In some embodiments, the statistical model was trained using training data that includes a second set of model scores associated with a second plurality of biological sequences and measurement data for the second plurality of biological sequences. In some embodiments, at least some of the estimates have values greater than values of the measurement data. In some embodiments, at least some of the estimates have values greater than a highest value of the measurement data. In some embodiments, at least some of the first plurality of biological sequences having a model score greater than a threshold value is estimated to have a value for the at least one feature greater than for the second plurality of biological sequences.

In some embodiments, the method further comprises training the statistical model, the training comprising identifying at least one parameter of the statistical model using the second set of model scores and the measurement data for the second plurality of biological sequences. In some embodiments, identifying the at least one parameter further comprises: identifying means and variances for the second set of model scores; identifying means and variances for the measurement data; and identifying the at least one parameter based on the means and variances for the second set of model scores and the means and variances for the measurement data. In some embodiments, identifying the at least one parameter further comprises using at least one isotonic regression model to identify the at least one parameter.

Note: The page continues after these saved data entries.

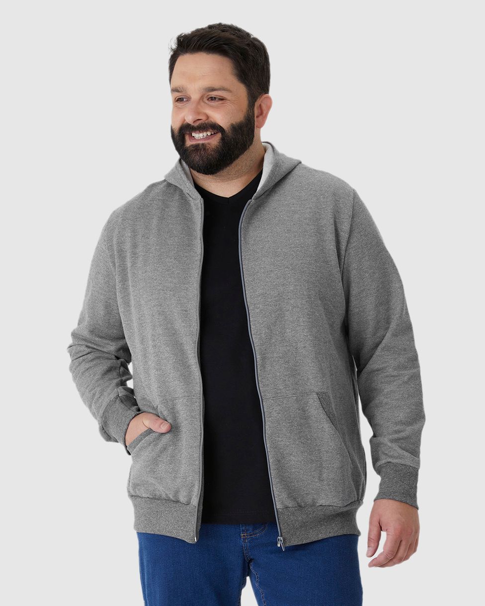 Jaqueta Básica Masculina Plus Size Com Capuz Em Moletom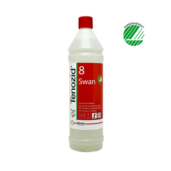 Tenozid 8 Swan paredzēts ikdienas tīrīšanai mitrās telpās. Noņem kaļķakmens nogulsnes, ziepju nosēdumus un ādas tauku paliekas. Lietošanai dušas telpās, ūdens padeves vietās, vannas istabās, tualetēs u.c. Piemērots flīzētām virsmām, jaucējkrāniem, tualetes podiem, nerūsējošā tērauda un alumīnija virsmām, pisuāriem, dušas kabīnēm, krāsotām virsmām u.c.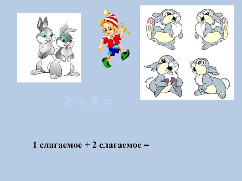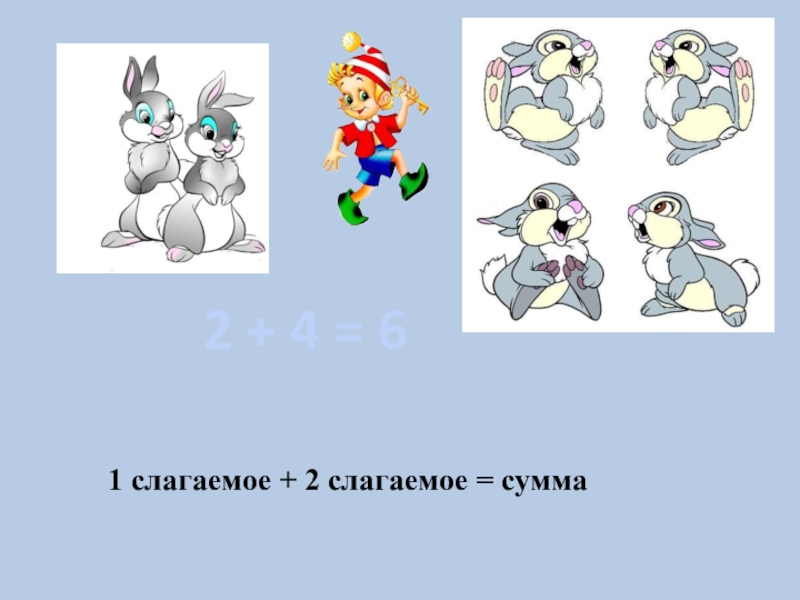 2 + 4 =1 слагаемое + 2 слагаемое =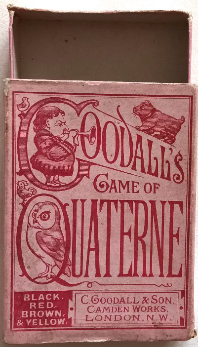 However, what do we know? Quaterne was one of a series of games with this title first published by Goodall & Sons in 1873. My box contains a mixture of cards from at least three different versions of this game. The games were mass produced for children, and the quality of the cards was poor by comparison with other Goodall products. The Quaterne box, unlike playing card containers, opens like a match box .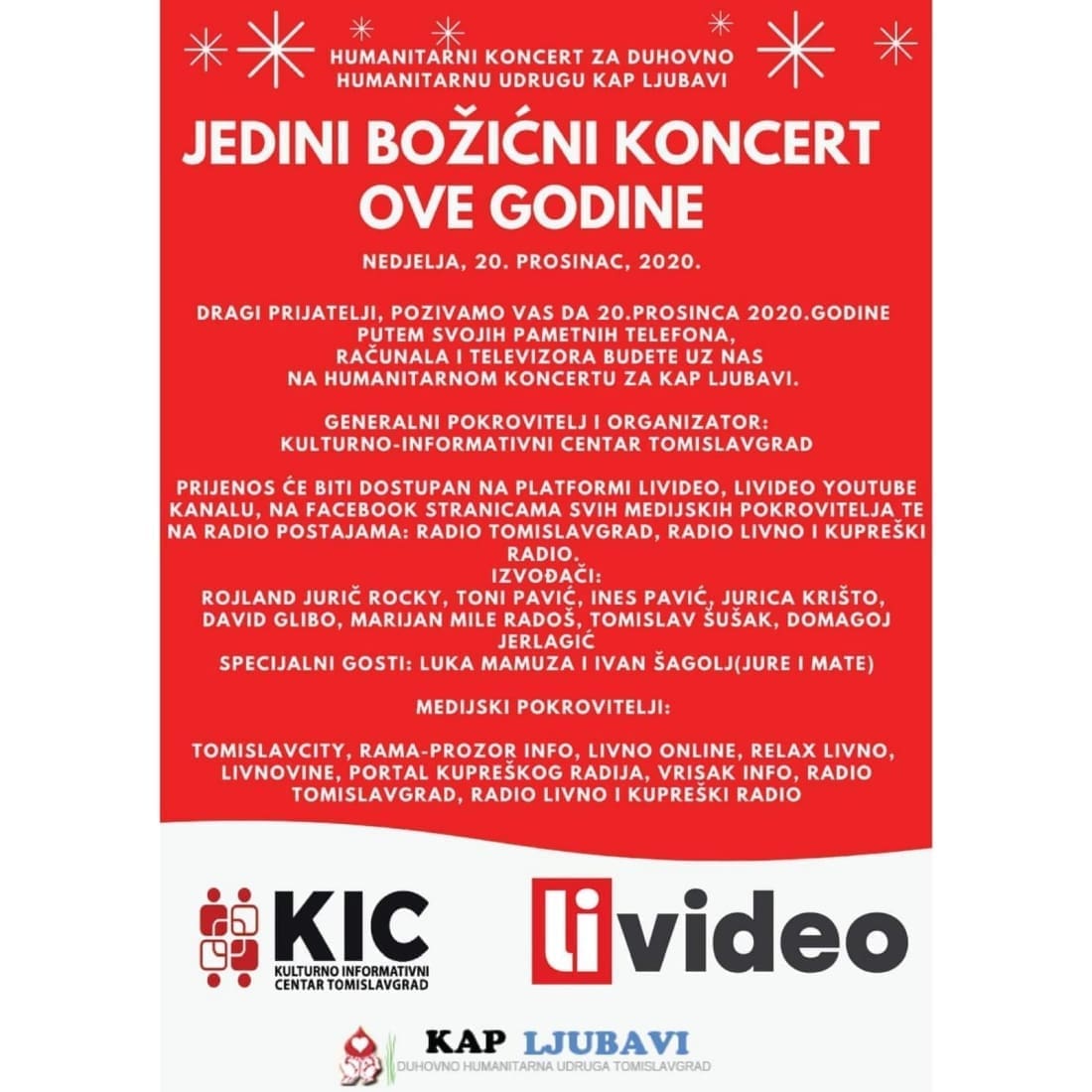 Talentirani mladi glazbenici iz Livna, Tomislavgrada, Rame i Širokog brijega najavljuju jedini božićni online koncert ove godine koji će se održati u nedjelju 20. prosinca u 20 sati, a prenosit će se putem live streama te radio postaja.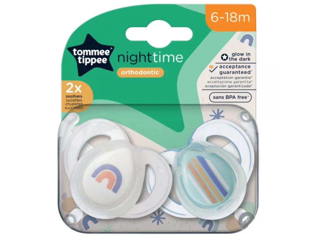 A Tommee Tippee: Night Time 2 db-os fluoreszkáló ortodontikus cumi szett több változatban (6-18 hó) leírása: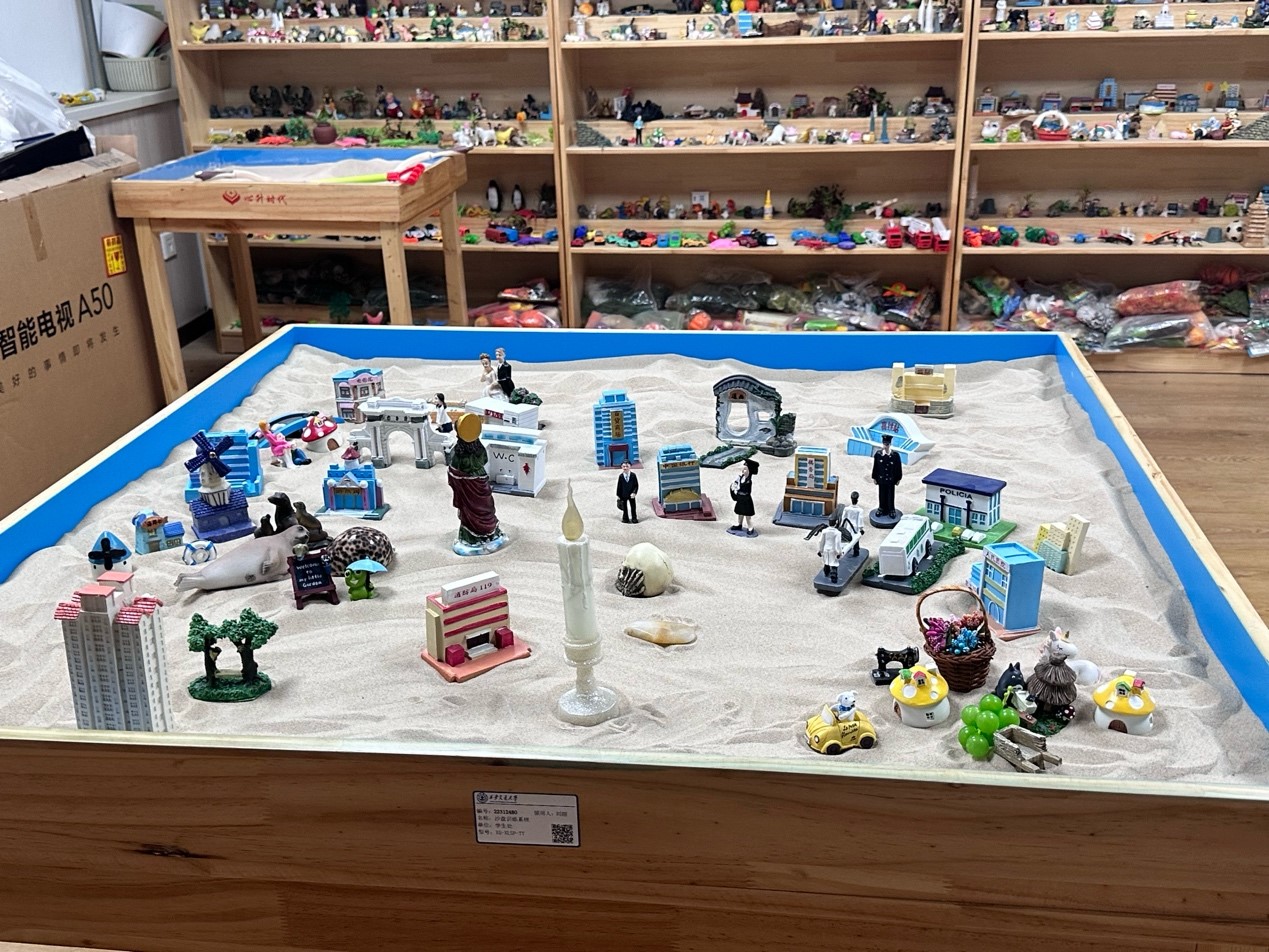随后,闫老师让同学们按顺序依次往沙盘上摆放沙具。同学们纷纷挑选自己喜欢的沙具,小心翼翼地将它们放置在沙盘上。有的同学摆放了可爱的小动物,有的同学则选择了高楼大厦。在摆放过程中,同学们都非常专注,仿佛在构建一个属于自己的心灵世界。当所有同学都放置完毕后,沙盘呈现出了一幅丰富多彩的画面。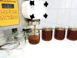 7. Nachdem der Honig von Wachsteilen und verunreinigungen durch ein Sieb gereinigt worden ist, wird er in Gläser abgefüllt. Cremehonig ist gerührter kristalliner Honig.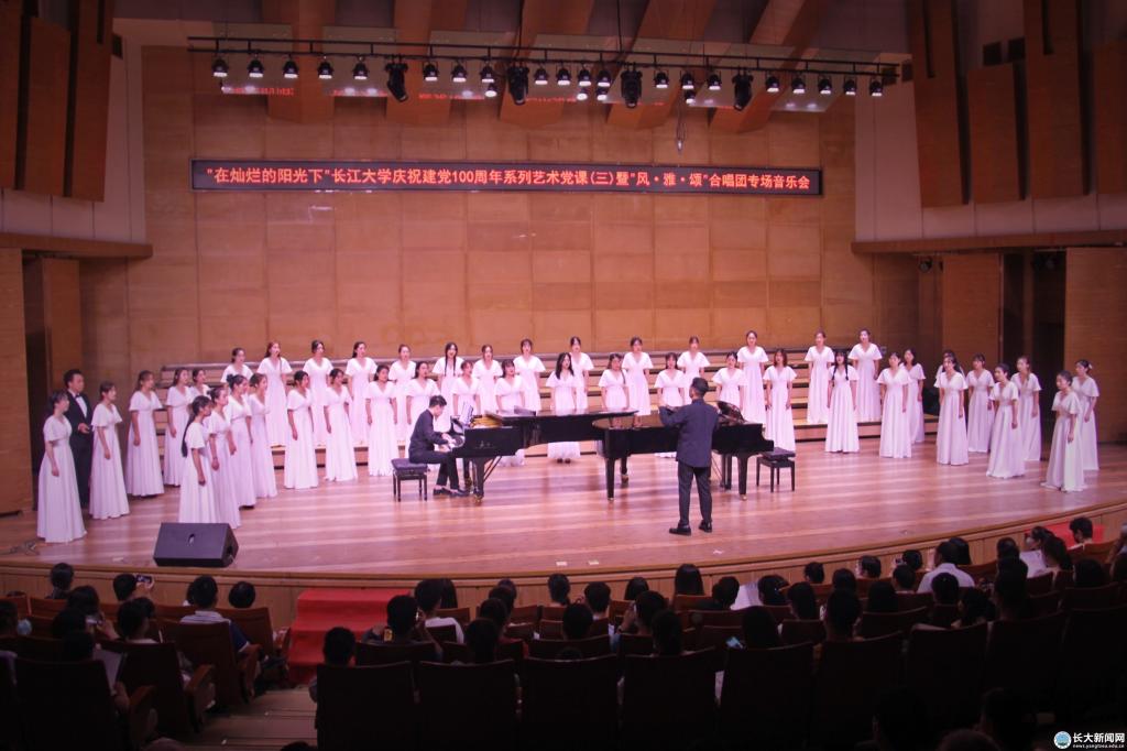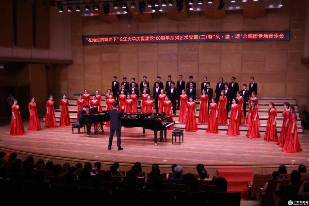 新闻网讯(员工记者 曹萌梦 见习记者 黄荣博/文 员工记者 鄢宇航/摄)奏青春乐章,颂历史雄歌,6月16日晚,“在灿烂阳光下”bevitor伟德国际1946庆祝建党100周年系列艺术党课(三)暨“风·雅·颂”合唱团专场音乐会在bevitor伟德国际1946音乐厅举行。校领导朱业宏、冯征、王建平、周从标等到场观赏。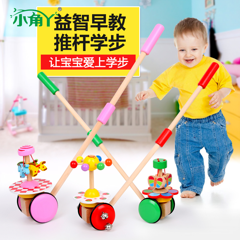 Children push and push music spiral turn single rod trolley Wooden infant baby hand push walker toy 1-3 years old

In some embodiments, at least one parameter of the statistical model relates a calibration value for estimates of the at least one feature based on edit distance of a biological sequence to a wildtype biological sequence.

In some embodiments, the first plurality of biological sequences comprises protein sequences. In some embodiments, the first plurality of biological sequences comprises sequences for dependoparvovirus capsid proteins. In some embodiments, the dependoparvovirus is an adeno-associated dependoparvovirus (AAV). In some embodiments, the first plurality of biological sequences comprises variants of a wildtype dependoparvovirus capsid protein. In some embodiments, the at least one feature includes transduction efficiency for a target tissue type, and the estimates include values of transduction efficiency for dependoparvovirus capsid proteins. In some embodiments, the at least one feature includes packaging efficiency, and the estimates include values of packaging efficiency for the dependoparvovirus capsid proteins.

Some embodiments are directed to a system comprising: at least one hardware processor; and at least one non-transitory computer-readable storage medium storing processor-executable instructions that, when executed by the at least one hardware processor, cause the at least one hardware processor to perform a method. The method comprises accessing a first plurality of biological sequences and a first set of model scores associated with the first plurality of biological sequences; accessing a statistical model configured to generate output indicating estimates for at least one feature of a biological sequence; and generating, using the statistical model, the first plurality of biological sequences, and the first set of model scores, a first output indicating estimates of the at least one feature for the first plurality of biological sequences.

Machine learning-guided approaches for designing biological sequences, such as nucleic acids and proteins, have the potential to aid in discovery of non-naturally occurring biological molecules that provide value in many areas of biotechnology, medicine, and healthcare. These biological molecules may have one or more enhanced features in comparison to other similar types of biological molecules (e.g., wildtype), which may allow for improved drugs and therapeutics.

In the context of using machine learning-guided approaches in designing viral vectors for delivering various payloads to cells, such as dependoparvoviruses (e.g. adeno-associated dependoparvoviruses, e.g. adeno-associated viruses (AAVs)), enhanced features of an improved dependoparvovirus capsid protein may include one or more of increased transduction to a particular tissue type (e.g. eye, brain, liver, skeletal muscle, cardiac muscle), decreased transduction to a particular off-target tissue (e.g., liver), and increased production efficiency, for example. Other features of an improved dependoparvovirus capsid protein may include its alterations (e.g., amino acid substitutions, deletions, insertions) in comparison to another dependoparvovirus capsid protein (e.g. a wildtype AAV) and its edit distance to another dependoparvovirus capsid protein.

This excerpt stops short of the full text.